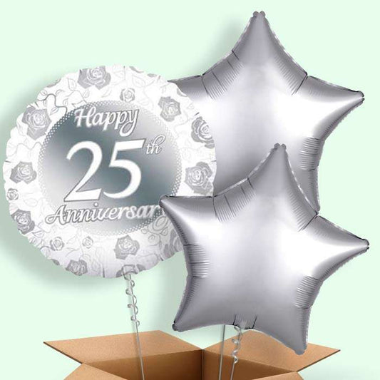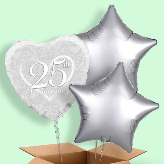 25th Wedding Anniversary Balloons in a Box (Silver)
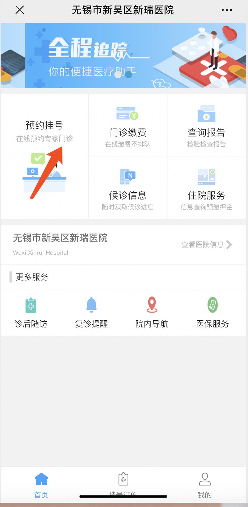 1、微信公众号关注“无锡市新吴区新瑞医院”,点击预约;
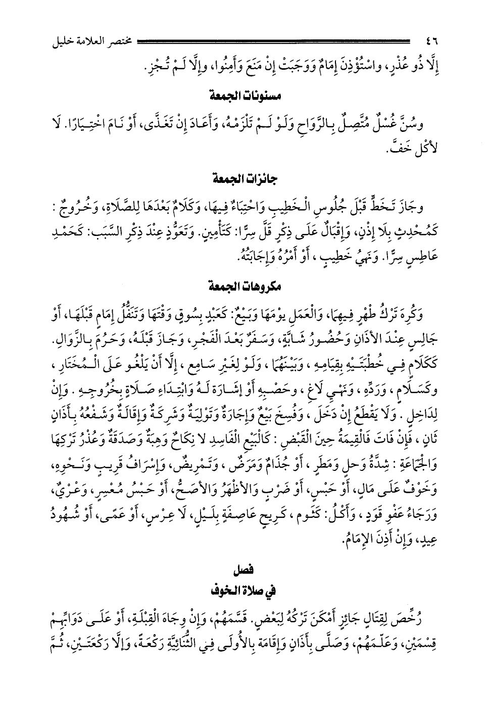 وكره ترك طهر فيهما والعمل يومها وبيع: كعبد بسوق وقتها وتنفل إمام قبلها أو جالس عند الأذان وحضور شابة وَسَفَرٌ بَعْدَ الْفَجْرِ وَجَازَ قَبْلَهُ وَحَرُمَ بِالزَّوَالِ كَكَلَامٍ فِي خُطْبَتَيْهِ بِقِيَامِهِ وَبَيْنَهُمَا وَلَوْ لِغَيْرِ سامع إلا أن يلغو على المختار وكسلام ورده ونهي لاغ وحصبه أو إشارة له وابتداء صلاة بخروجه وإن لداخل ولا يقطع إن دخل وَفُسِخَ بَيْعٌ وَإِجَارَةٌ وَتَوْلِيَةٌ وَشَرِكَةٌ وَإِقَالَةٌ وَشُفْعَةٌ بأذان ثان فإن مات فالقيمة حين القبض: كالبيع الفاسد لا نكاح وهبة وصدقة وعذر تركها والجماعة شدة وحل ومطر أو جذام ومرض وتمريض وإسراف قريب ونحوه وَخَوْفٌ عَلَى مَالٍ أَوْ حَبْسٌ أَوْ ضَرْبٌ والأظهر والأصح أو حبس معسر وعري ورجاء عفو قود وأكل: كثوم كريح عاصفة بليل لا عرس أو عمى أو شهود عيد وإن أذن الإمام.
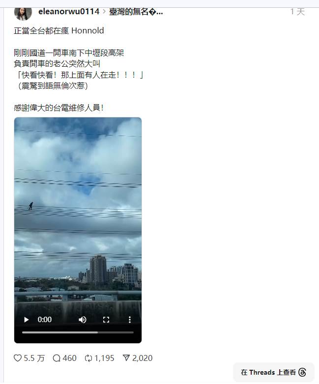 原PO在社群平台Threads上分享這段經歷,表示當時正與丈夫開車經過中壢高架路段,丈夫突然驚呼「上面有人在走!」她抬頭一看,赫然發現一名身穿工作服的維修人員正小心翼翼地行走在高壓電纜上,底下就是車速飛快的國道車流。
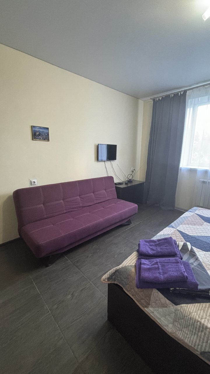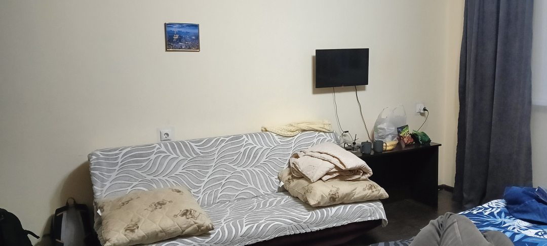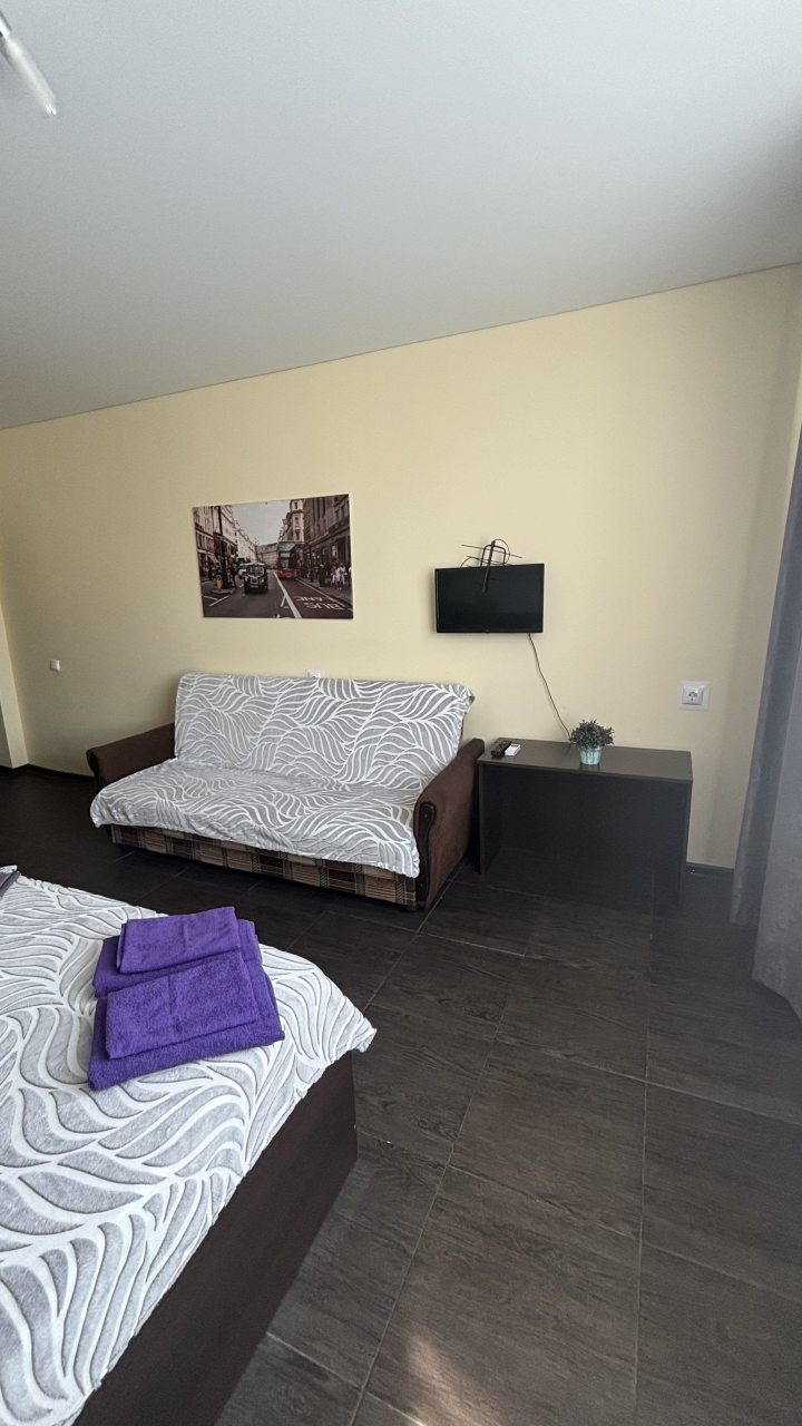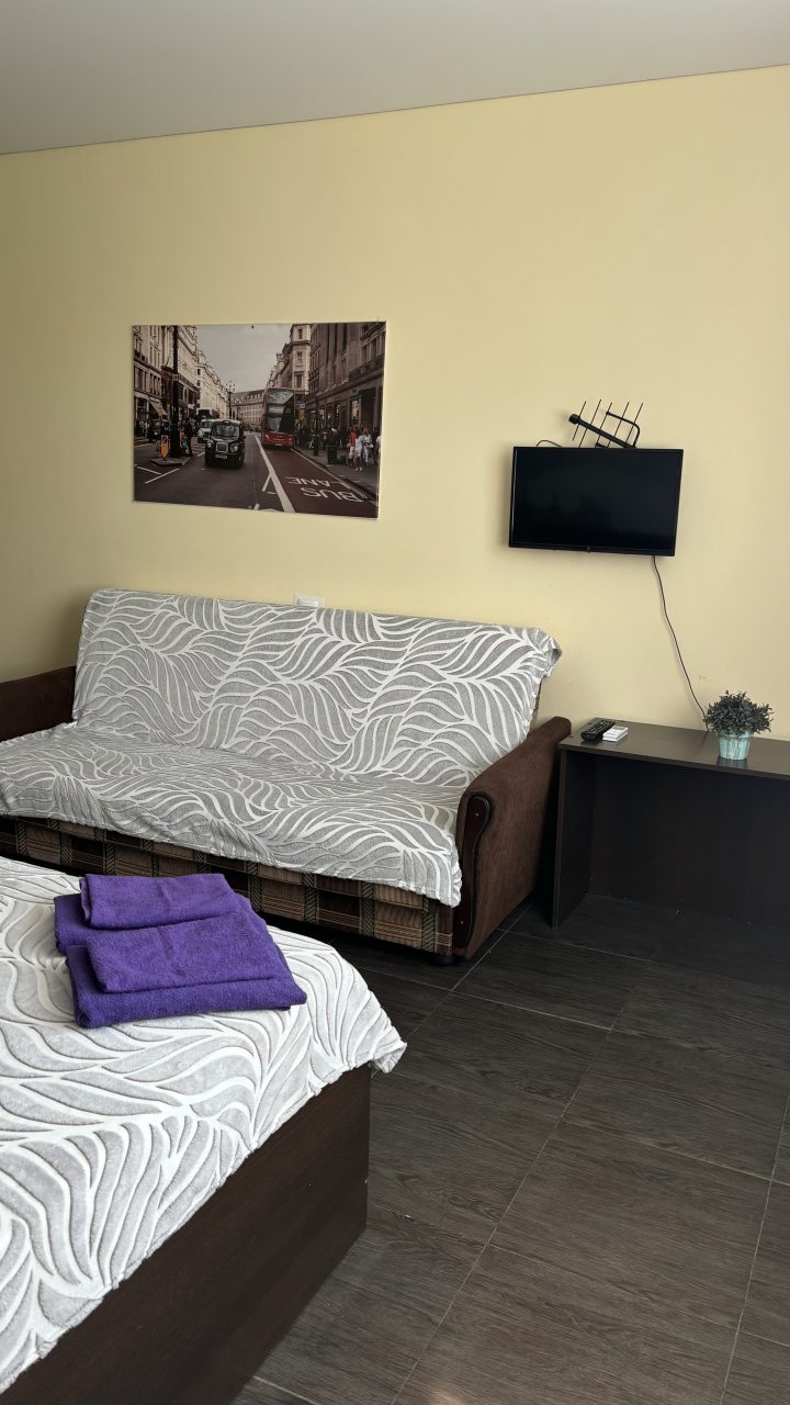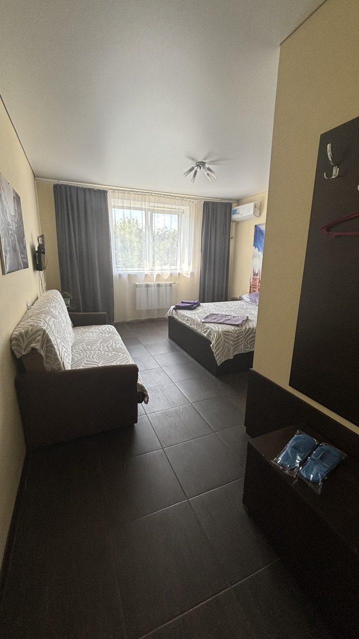 Прекрасная гостиница. Чистое бельё, хороший санузел, горячая вода. Выдают шампунь, гель дд, полотенце, тапочки. Есть кухня с посудой, чайником и тд., просторный номер с дополнительным диваном, удобная кровать. Местоположение гостиницы в тихом районе даёт возможность выспаться. Есть место для машины.

________________

### TASK STATEMENT
What you should return is the exact text of every line from the top of the entries through the line with "وكره ترك طهر", pictures removed.

### RESPONSE TO THE EXERCISE
 25th Wedding Anniversary Balloons in a Box (Silver)
 1、微信公众号关注“无锡市新吴区新瑞医院”,点击预约;
 وكره ترك طهر فيهما والعمل يومها وبيع: كعبد بسوق وقتها وتنفل إمام قبلها أو جالس عند الأذان وحضور شابة وَسَفَرٌ بَعْدَ الْفَجْرِ وَجَازَ قَبْلَهُ وَحَرُمَ بِالزَّوَالِ كَكَلَامٍ فِي خُطْبَتَيْهِ بِقِيَامِهِ وَبَيْنَهُمَا وَلَوْ لِغَيْرِ سامع إلا أن يلغو على المختار وكسلام ورده ونهي لاغ وحصبه أو إشارة له وابتداء صلاة بخروجه وإن لداخل ولا يقطع إن دخل وَفُسِخَ بَيْعٌ وَإِجَارَةٌ وَتَوْلِيَةٌ وَشَرِكَةٌ وَإِقَالَةٌ وَشُفْعَةٌ بأذان ثان فإن مات فالقيمة حين القبض: كالبيع الفاسد لا نكاح وهبة وصدقة وعذر تركها والجماعة شدة وحل ومطر أو جذام ومرض وتمريض وإسراف قريب ونحوه وَخَوْفٌ عَلَى مَالٍ أَوْ حَبْسٌ أَوْ ضَرْبٌ والأظهر والأصح أو حبس معسر وعري ورجاء عفو قود وأكل: كثوم كريح عاصفة بليل لا عرس أو عمى أو شهود عيد وإن أذن الإمام.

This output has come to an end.